Your copy should hold the lines below from the first through the one that contains "Floral Pattern Button", each retyped exactly, and no pictures.

##########

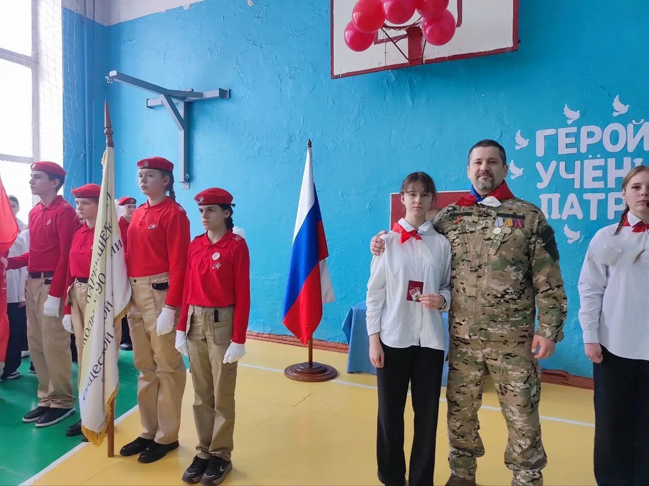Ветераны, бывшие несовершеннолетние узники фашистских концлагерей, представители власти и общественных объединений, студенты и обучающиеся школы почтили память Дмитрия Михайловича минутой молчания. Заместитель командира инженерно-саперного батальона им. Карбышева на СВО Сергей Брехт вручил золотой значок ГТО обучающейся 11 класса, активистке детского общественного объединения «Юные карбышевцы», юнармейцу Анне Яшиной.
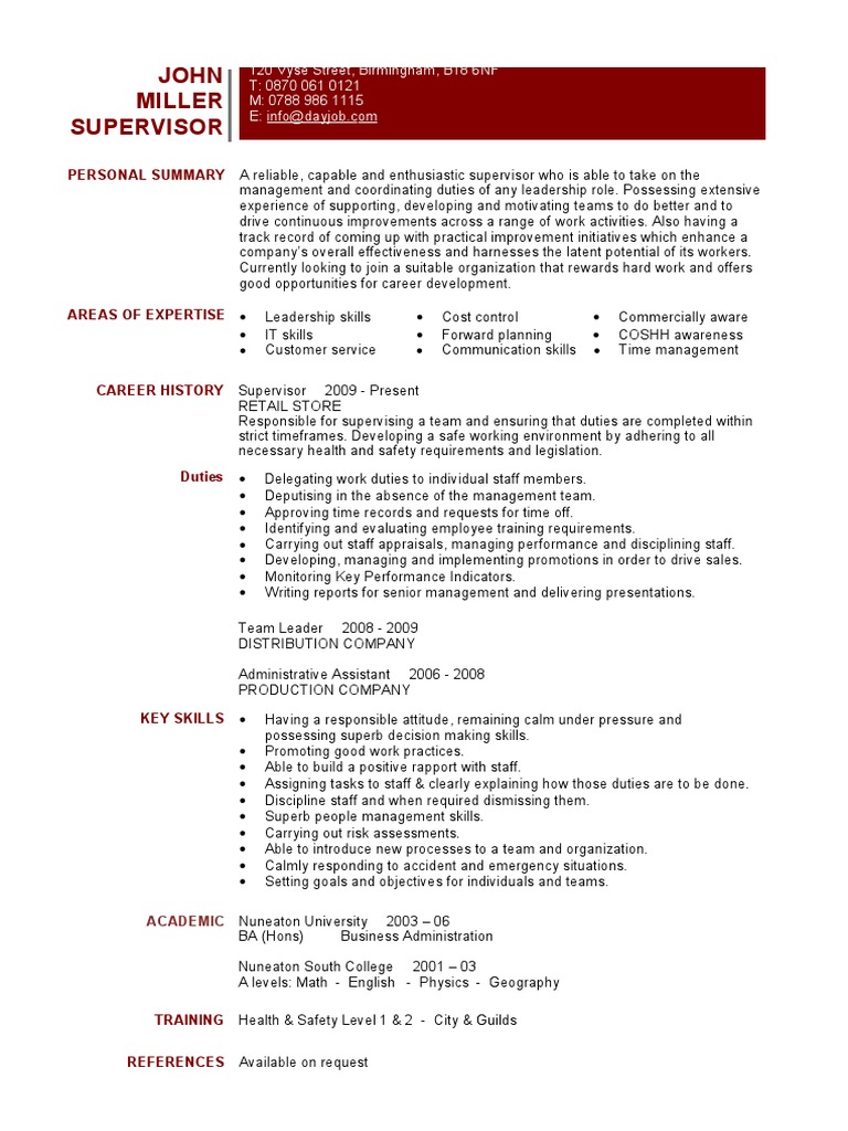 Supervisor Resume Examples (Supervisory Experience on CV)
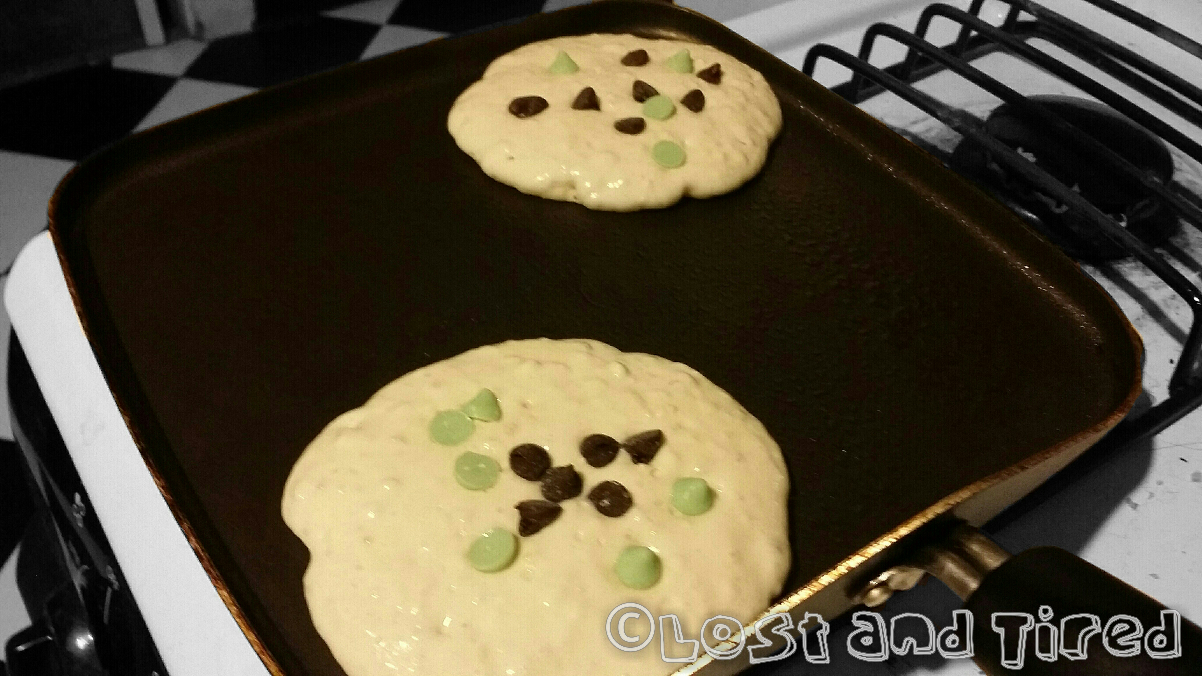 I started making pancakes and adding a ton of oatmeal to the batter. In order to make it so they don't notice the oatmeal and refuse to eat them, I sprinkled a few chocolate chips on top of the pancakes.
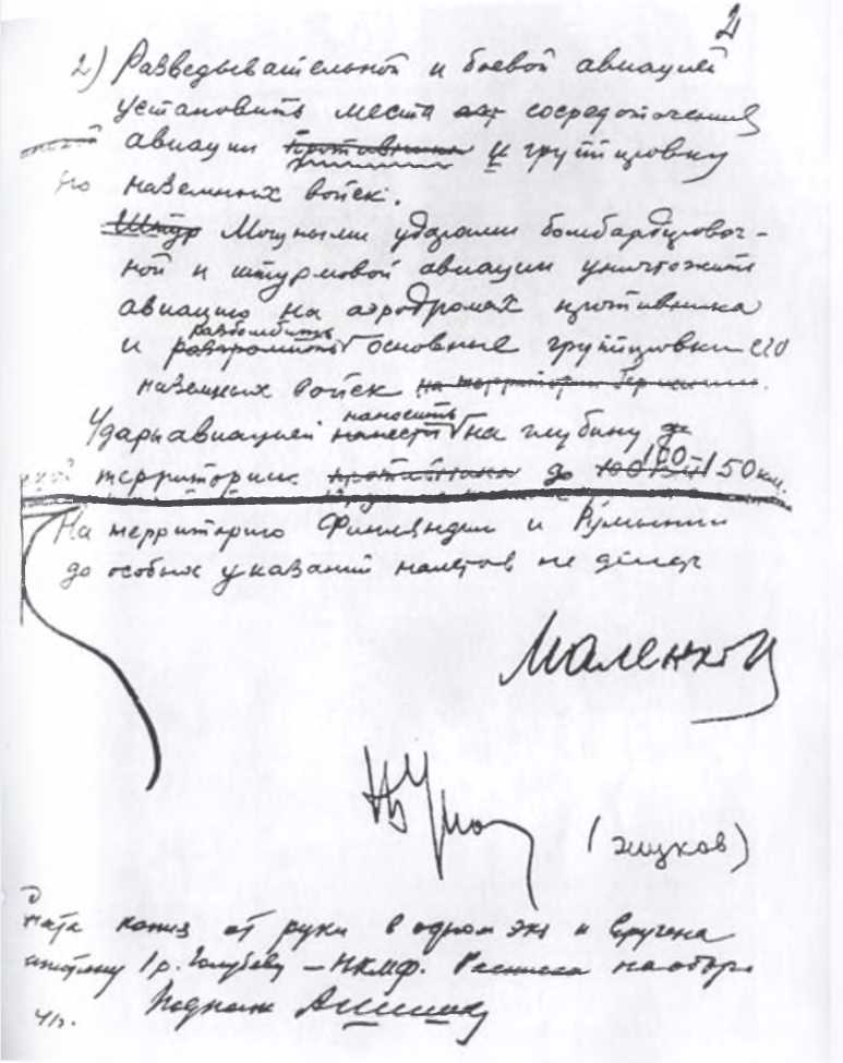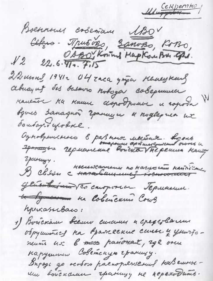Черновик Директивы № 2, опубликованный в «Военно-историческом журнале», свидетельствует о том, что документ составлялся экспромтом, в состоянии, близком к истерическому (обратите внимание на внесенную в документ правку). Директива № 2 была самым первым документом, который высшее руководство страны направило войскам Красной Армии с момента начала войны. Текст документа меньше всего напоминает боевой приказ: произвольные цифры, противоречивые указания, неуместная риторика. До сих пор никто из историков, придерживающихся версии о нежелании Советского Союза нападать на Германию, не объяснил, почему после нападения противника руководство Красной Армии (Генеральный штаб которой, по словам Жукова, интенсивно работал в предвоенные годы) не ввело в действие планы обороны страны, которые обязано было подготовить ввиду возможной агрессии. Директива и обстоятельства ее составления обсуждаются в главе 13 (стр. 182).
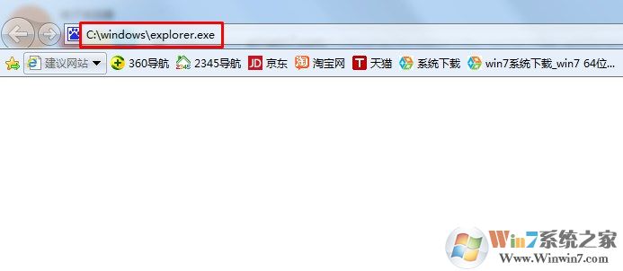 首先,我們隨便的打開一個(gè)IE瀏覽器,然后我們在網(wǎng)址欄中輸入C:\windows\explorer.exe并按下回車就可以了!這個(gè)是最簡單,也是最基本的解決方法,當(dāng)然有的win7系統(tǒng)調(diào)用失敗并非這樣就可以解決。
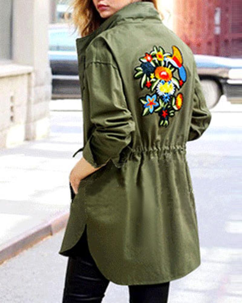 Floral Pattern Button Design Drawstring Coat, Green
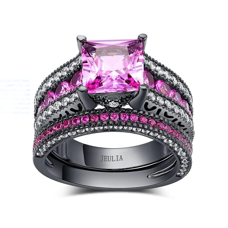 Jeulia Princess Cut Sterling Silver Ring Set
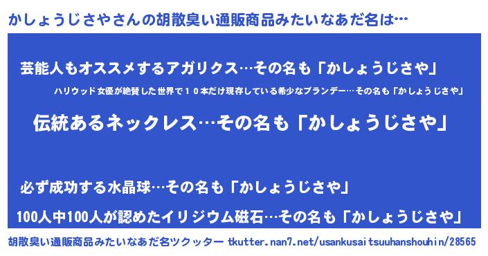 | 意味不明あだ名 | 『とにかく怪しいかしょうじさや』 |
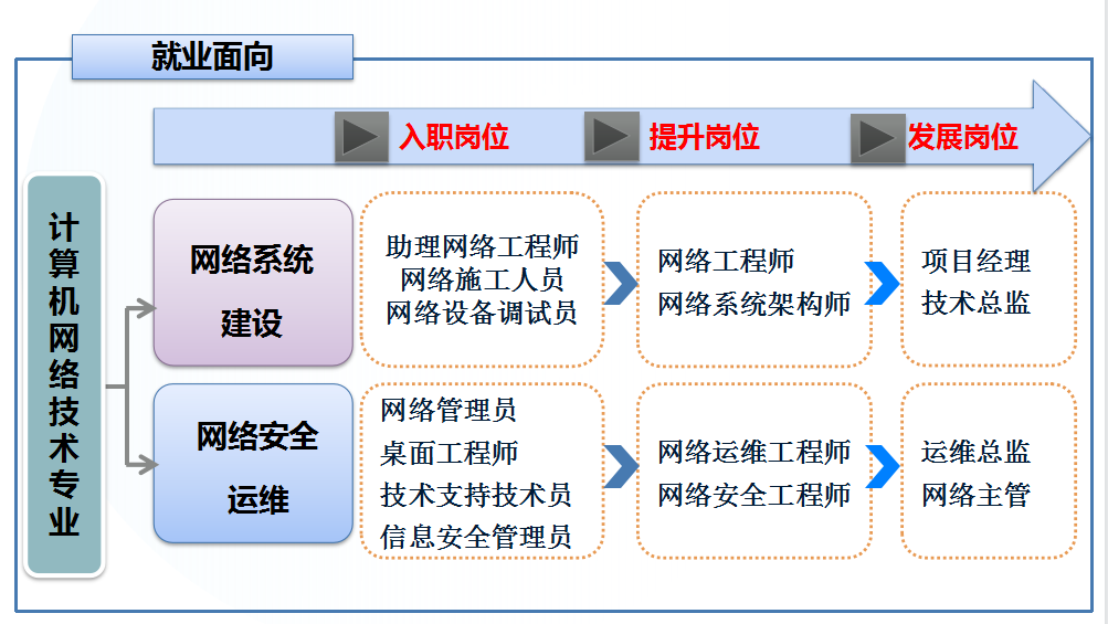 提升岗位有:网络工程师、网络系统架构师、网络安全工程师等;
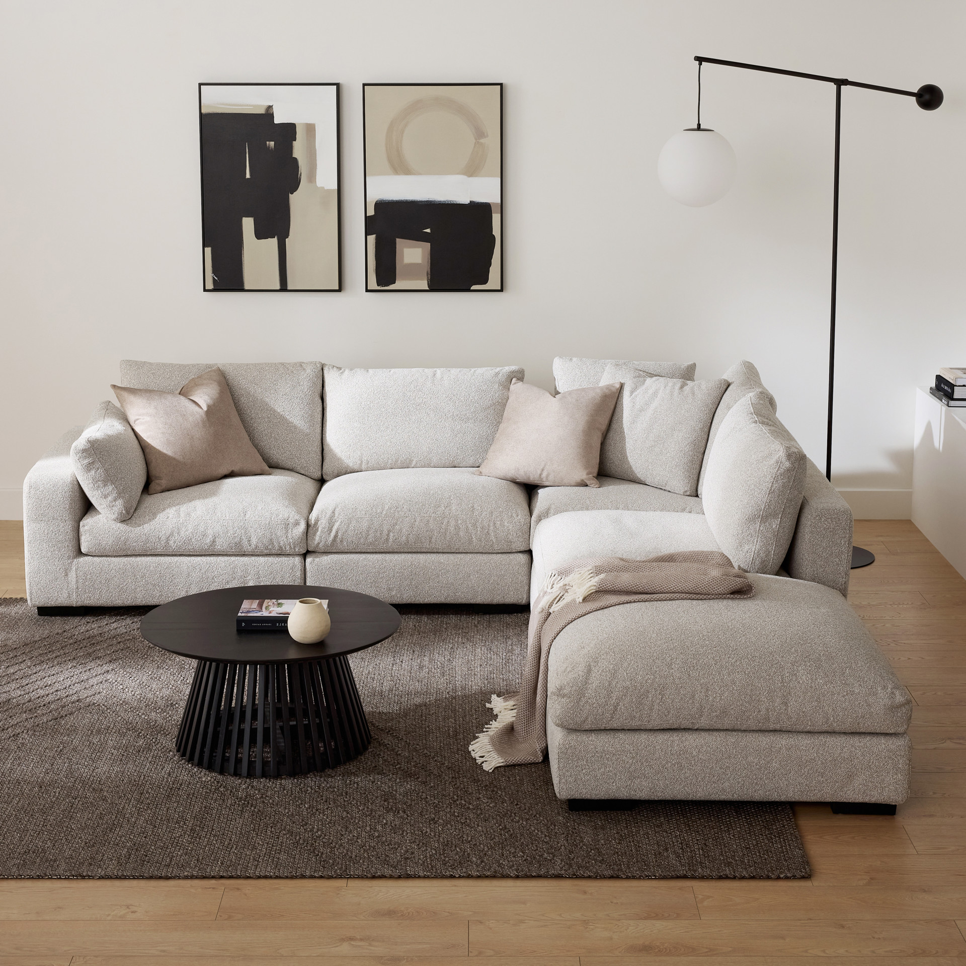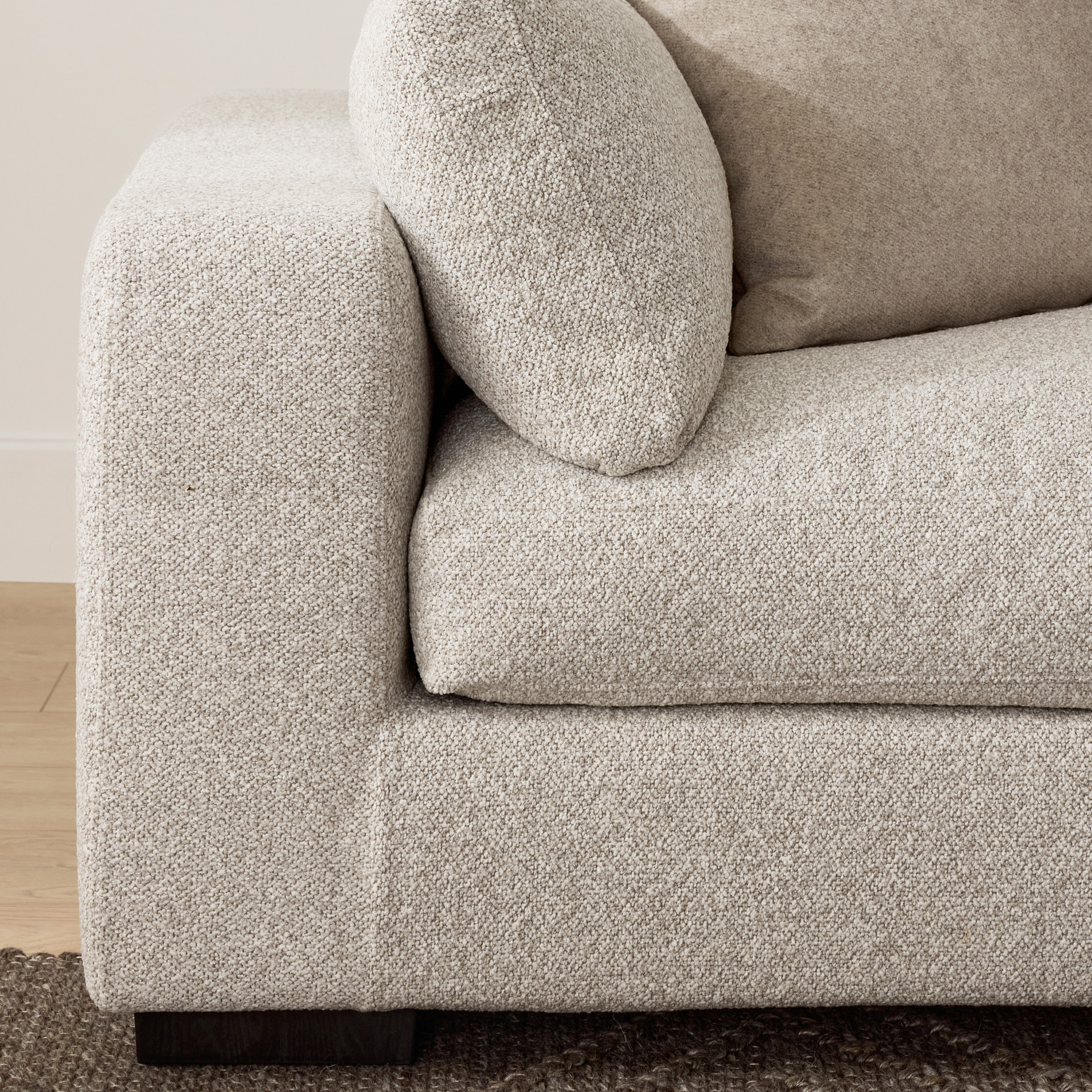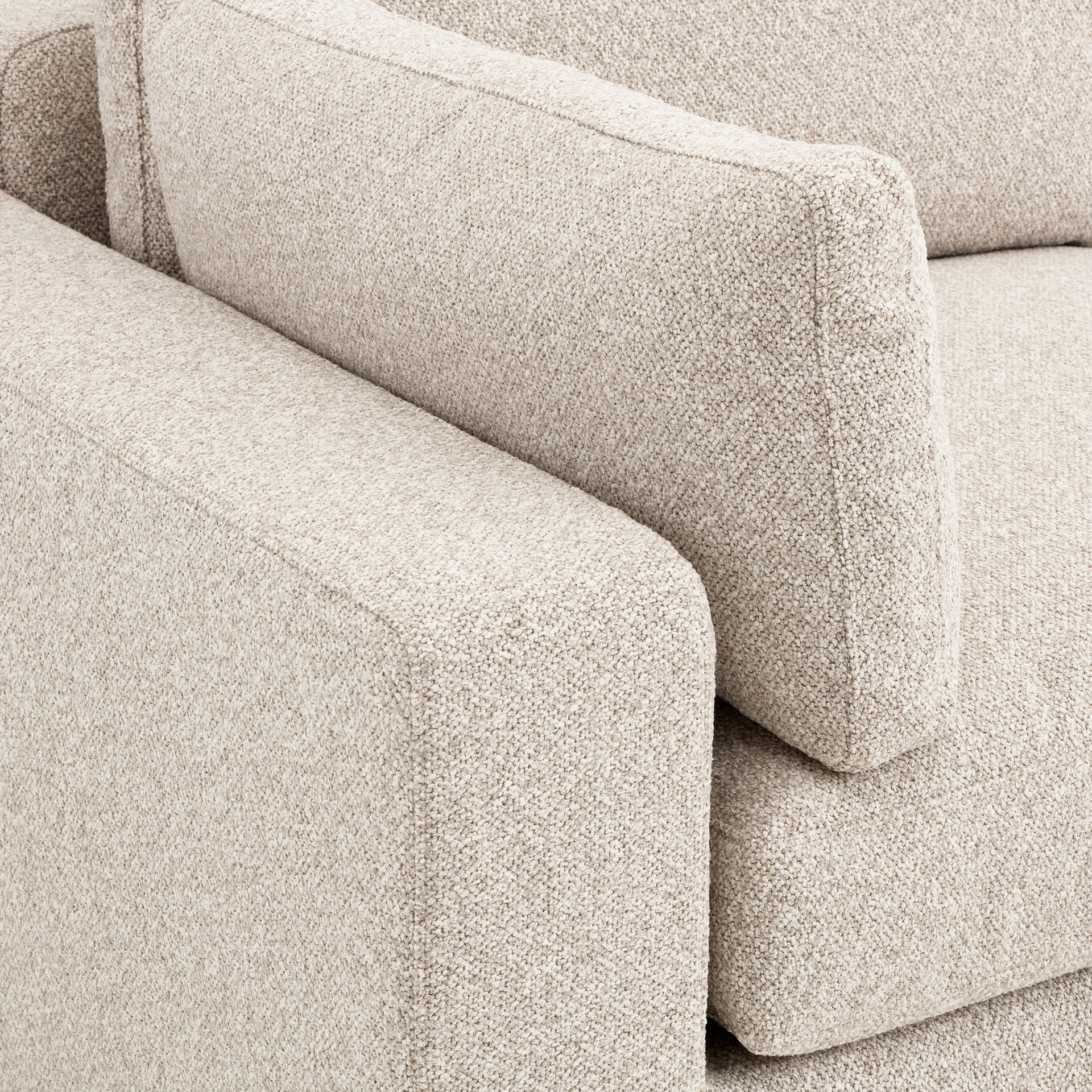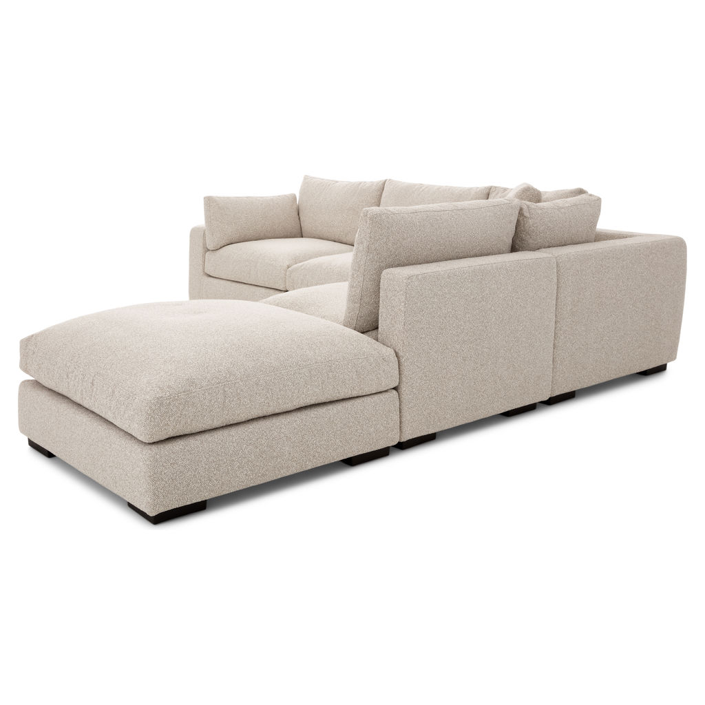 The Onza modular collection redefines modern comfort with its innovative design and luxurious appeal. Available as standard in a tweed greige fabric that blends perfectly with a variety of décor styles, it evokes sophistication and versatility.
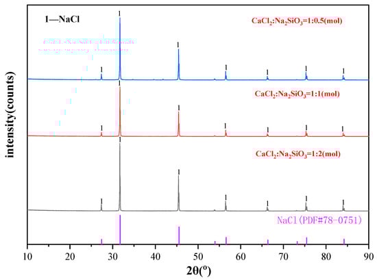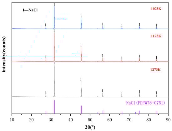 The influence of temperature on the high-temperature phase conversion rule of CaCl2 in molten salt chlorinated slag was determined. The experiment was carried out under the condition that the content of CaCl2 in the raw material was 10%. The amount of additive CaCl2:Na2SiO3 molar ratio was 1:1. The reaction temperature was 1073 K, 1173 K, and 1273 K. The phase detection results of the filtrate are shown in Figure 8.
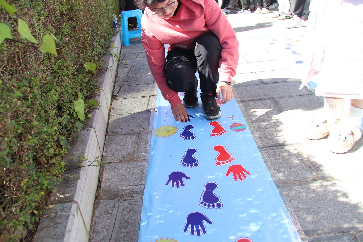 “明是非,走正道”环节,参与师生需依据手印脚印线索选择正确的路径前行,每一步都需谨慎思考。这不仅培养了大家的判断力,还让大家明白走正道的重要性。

##########

### REPLY
Ветераны, бывшие несовершеннолетние узники фашистских концлагерей, представители власти и общественных объединений, студенты и обучающиеся школы почтили память Дмитрия Михайловича минутой молчания. Заместитель командира инженерно-саперного батальона им. Карбышева на СВО Сергей Брехт вручил золотой значок ГТО обучающейся 11 класса, активистке детского общественного объединения «Юные карбышевцы», юнармейцу Анне Яшиной.
 Supervisor Resume Examples (Supervisory Experience on CV)
 I started making pancakes and adding a ton of oatmeal to the batter. In order to make it so they don't notice the oatmeal and refuse to eat them, I sprinkled a few chocolate chips on top of the pancakes.
Черновик Директивы № 2, опубликованный в «Военно-историческом журнале», свидетельствует о том, что документ составлялся экспромтом, в состоянии, близком к истерическому (обратите внимание на внесенную в документ правку). Директива № 2 была самым первым документом, который высшее руководство страны направило войскам Красной Армии с момента начала войны. Текст документа меньше всего напоминает боевой приказ: произвольные цифры, противоречивые указания, неуместная риторика. До сих пор никто из историков, придерживающихся версии о нежелании Советского Союза нападать на Германию, не объяснил, почему после нападения противника руководство Красной Армии (Генеральный штаб которой, по словам Жукова, интенсивно работал в предвоенные годы) не ввело в действие планы обороны страны, которые обязано было подготовить ввиду возможной агрессии. Директива и обстоятельства ее составления обсуждаются в главе 13 (стр. 182).
 首先,我們隨便的打開一個(gè)IE瀏覽器,然后我們在網(wǎng)址欄中輸入C:\windows\explorer.exe并按下回車就可以了!這個(gè)是最簡單,也是最基本的解決方法,當(dāng)然有的win7系統(tǒng)調(diào)用失敗并非這樣就可以解決。
 Floral Pattern Button Design Drawstring Coat, Green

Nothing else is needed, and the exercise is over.